Anything you do to the truck performance wise will void your warranty. If your ok with that get EFI live tuning from one of the many great tuners that are on this site. Leave the stock airbox as there is no need for an after market one at any of the power levels you would be looking at. If you get EFI you can delete your DPF and your DEF. Again all of this will void your warranty.
 
Anything you do to the truck performance wise will void your warranty. If your ok with that get EFI live tuning from one of the many great tuners that are on this site. Leave the stock airbox as there is no need for an after market one at any of the power levels you would be looking at. If you get EFI you can delete your DPF and your DEF. Again all of this will void your warranty.

In red, absolutely not true.
 
Eli live tuning is with which tuning system?
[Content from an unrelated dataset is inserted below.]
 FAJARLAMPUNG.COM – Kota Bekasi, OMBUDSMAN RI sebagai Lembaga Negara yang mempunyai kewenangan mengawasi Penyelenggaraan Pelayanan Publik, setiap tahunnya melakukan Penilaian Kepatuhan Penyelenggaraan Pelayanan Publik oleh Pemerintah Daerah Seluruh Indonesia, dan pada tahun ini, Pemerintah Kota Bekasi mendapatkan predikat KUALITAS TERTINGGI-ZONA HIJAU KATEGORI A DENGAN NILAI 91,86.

Also i wasn't just speaking of 5in from dpf, i was asking if anyone went with the 5in from the turbo back on a newer truck.
 
Yes, guys go with full exhausts all the time. Exhaust and tune will void your warranty but it's whatever a guy wants to do. Calibrated Performance/cummins tuner has been pushing emissions in tact tuning recently.
 
I agree, with a full exhaust and tuner unless you know someone at the dealership, you can say good by to your warranty.
 
Anything that defeats emissions and increases power will void your powertrain warranty. It's an easy case for them to make that you upped the power and that's why something broke. Or they 'specifically tuned' something so your failure wouldn't happen, but then you used someone else's tuning.

Honestly, I'd say either leave it stock, or roll the dice and modify it the right way.
If you do a tune and delete your emissions, you're going to increase power, fuel economy, and your engine will last a lot longer (EGR smooths out cylinder walls and dirties your oil).

And DPF doesn't work like a catalyst other than the fact that it is emissions equipment in your exhaust. It's a ceramic filter eccentrically that catches soot (solids) while letting the exhaust gasses pass. It's not very efficient and you have to do regens to get it hot enough to burn off those solids/soot that stick to it.

SCR (Selective Catalytic Reduction)(what uses DEF (Diesel Exhaust Fluid)) is actually pretty great stuff. This would be the equivalent of a catalyst. It's a tank you fill every 5,000-10,000 and it cleans up the exhaust really well with almost no cost to you. The problem is when they fail, they are expensive.

EGR is the same as on gassers. It uses inert gasses from the exhaust to help catalyze the burn of diesel fuel. At the same time it reburns the unburnt fuel in the exhaust. This is good in theory, but it takes a lot of cooling power to get it to reasonable temps that the intake will like, and also pumps soot into your engine which slowly hurts the engine.

If you void you warranty and remove all of these with a reasonable tune, you'll likely not have any engine problems. You are at more risk of transmission issues though, and the 68RFE is not a cheap transmission to build and bulletproof. There are transmission tunes that keep the shift pattern and torque converter lock-up out of the 'trouble area's' though so they last a lot longer.